Estrategias para una Alineación Exitosa

Ahora, ¡soluciones! cómo podemos resolver estos desafíos de forma sencilla y con acciones concretas:

  • Comunicación: En principio, establece reuniones regulares con una agenda clara. Crea un ambiente participativo y colaborativo donde ambos equipos compartan información sobre el comportamiento de los prospectos, resultados, aprendizajes y oportunidades de mejora.
  • Definición de Buyer Persona(s): Es fundamental que ambas unidades tengan claridad en quién es su cliente, de esta forma marketing podrá crear contenido basado en sus puntos de dolor y ventas podrá ofrecer soluciones directas a sus problemáticas.
  • Tecnología: Se deben seleccionar e implementar herramientas que permitan el flujo de datos entre ambas unidades y una experiencia fluida para el usuario.
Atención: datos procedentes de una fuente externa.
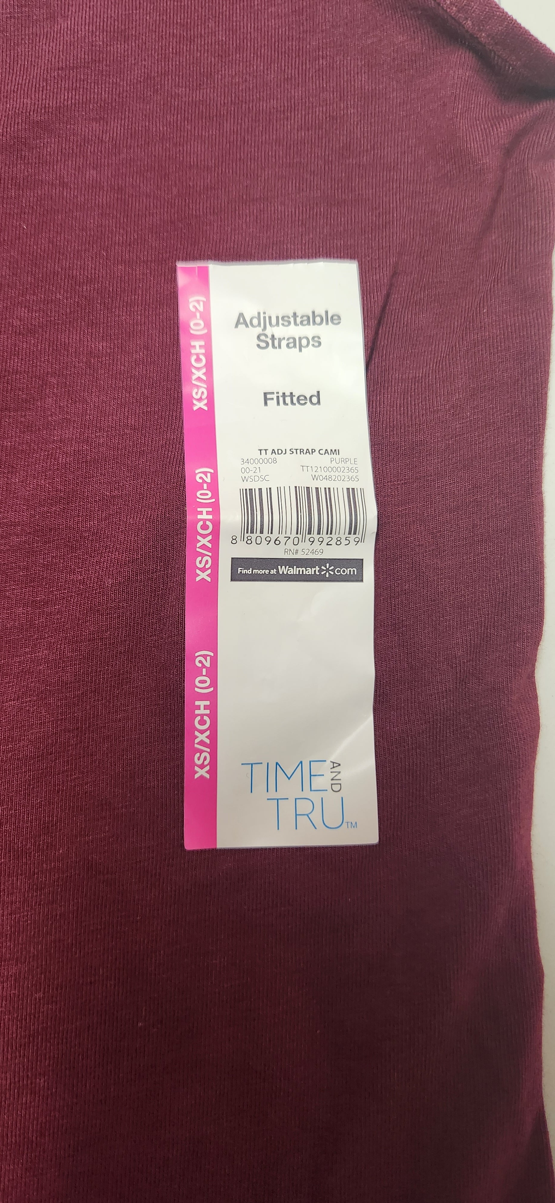 Time and Tru Adjustable Straps Fitted Cami (Purple) XS (0-2)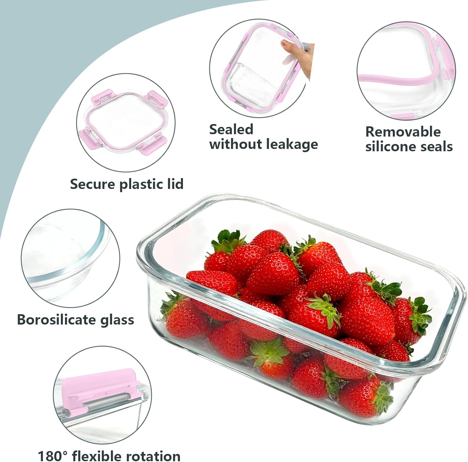 - Material & Usage Tips: Made from Borosilicate Glass, BPA-free plastic, ensuring your food remains safe and healthy. These containers are freezer-safe, microwave-safe, oven-safe, and dishwasher-friendly (please note the lids are not oven, microwave or dishwasher safe). They can withstand temperatures from -4°F to 752°F (-20°C to 400°C), offering convenience for reheating, freezing, and cleaning.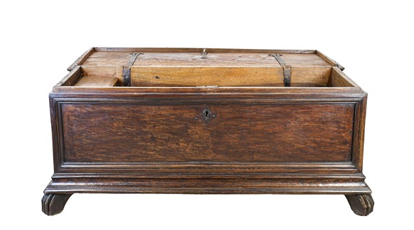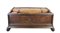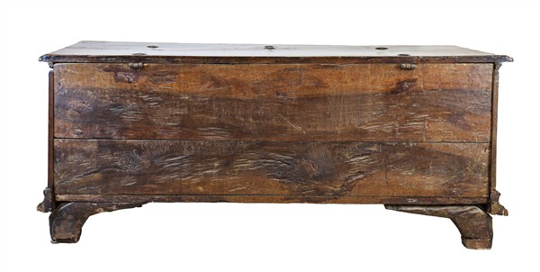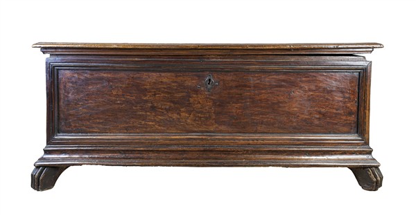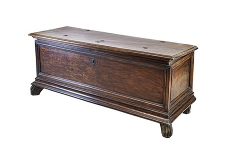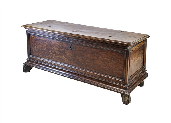 Cassapanca in noce con fronte e fianchi riquadrati, piedi ferini. Secolo XVIII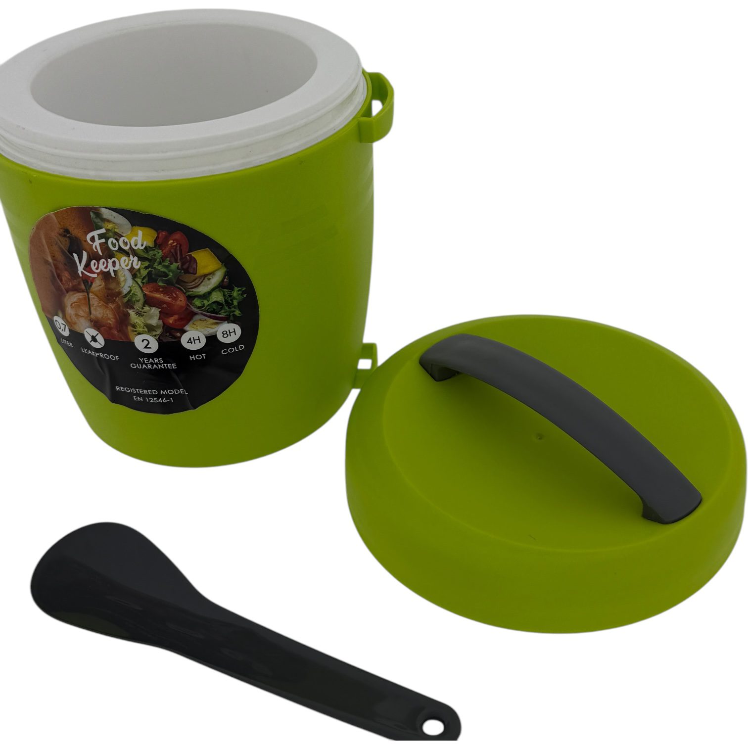 De Foodkeeper is een dubbelwandige kunststof voedseldrager met een inhoud van 1.5 liter. Dankzij de lekvrije constructie blijft je eten veilig en vers. Met een handige hengsel en de bijgeleverde lepel neem je deze voedseldrager gemakkelijk mee.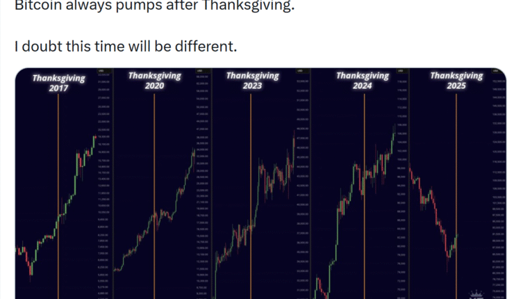 Bitcoin price performance after Thanksgiving. Source: Mister Crypto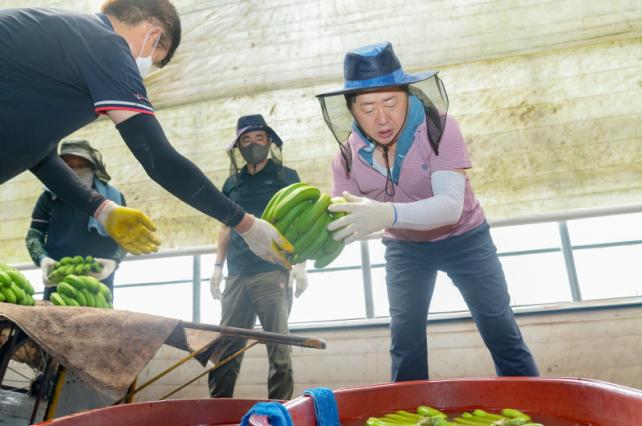 ¿À¿µÈÆ Áö»ç´Â ¡°ÁöÀÚü¿Í ³óÇùÀÌ ÈûÀ» ¸ð¾Æ ¹Ù³ª³ª ․ »þÀθӽºÄÏ µî ½Å¼ÒµæÀÛ¸ñ °³¹ß»ç¾÷¿¡ ¼º°ú¸¦ ³»¾ß 1Â÷»ê¾÷ÀÌ ´õ Å©°Ô ¼ºÀåÇÒ °Í¡±À̶ó¸ç ¡°¾ÕÀ¸·Îµµ ½Å¼ÒµæÀÛ¸ñ °³¹ßÀÌ ¿øÈ°ÇÏ°Ô ÀÌ·ïÁöµµ·Ï Àû±Ø µÞ¹Þħ Çϰڴ١±°í °Á¶Çß´Ù. ÀÌ¾î ¡°³ó°¡ÀÇ ¿ä±¸¿Í ÇÊ¿ä»çÇ×À» ¼ö½Ã·Î °æÃ»ÇØ Á¦ÁÖµµÀÇ »õ·Î¿î ³ó¾÷Á¤Ã¥¿¡ ¹Ý¿µÇÏ´Â ÀÏ¿¡ ÃÖ¼±À» ´ÙÇϰڴ١±°í ¸»Çß´Ù. ³ó¾÷Àϼյ½±â¿¡ ¾Õ¼ ÁøÇàµÈ ±è³ç³óÇù Á÷¿øµé°úÀÇ °£´ãȸ¿¡¼´Â ³ó¾÷ ¹ßÀüÀ» À§ÇÑ ´Ù¾çÇÑ ÀǰßÀÌ Á¦½ÃµÆ´Ù.

El objetivo es que tu cliente se sienta atendido desde su primer contacto, exista el seguimiento adecuado y no hayan interrupciones en la comunicación. Automatizar algunas actividades puede ser de gran ayuda y también se logra através del uso de la tecnología.
  • Capacitación: La capacitación contínua del personal de los equipos de marketing y ventas sobre las estrategias, procesos y herramientas compartidas es fundamental. Incluso, que cada unidad esté familiarizada con las métricas de la otra, crea un sentido de compromiso y comprensión ante los retos y objetivos planteados.
  • Incentivos: Establecer incentivos y recompensas que fomenten la colaboración y el trabajo en equipo entre marketing y ventas puede ser muy efectivo. Reconocer los logros conjuntos y celebrar los éxitos compartidos refuerza una cultura de colaboración, generan una mayor productividad y un fuerte sentido de trabajo en equipo.

Conclusión

En definitiva, la alineación de Marketing y Ventas es una estrategia fundamental para el éxito en la era omnicanal, no solo porque aumenta la probabilidad de cierre de nuevos negocios sino porque aumenta la retención de clientes actuales (según el artículo del Harvard Business Review «The Alignment Imperative«, hasta en un 36%). Esto se traduce en relaciones más sólidas con los clientes, oportunidades de cross-selling y up-selling, y un impacto positivo en los ingresos y el crecimiento del negocio.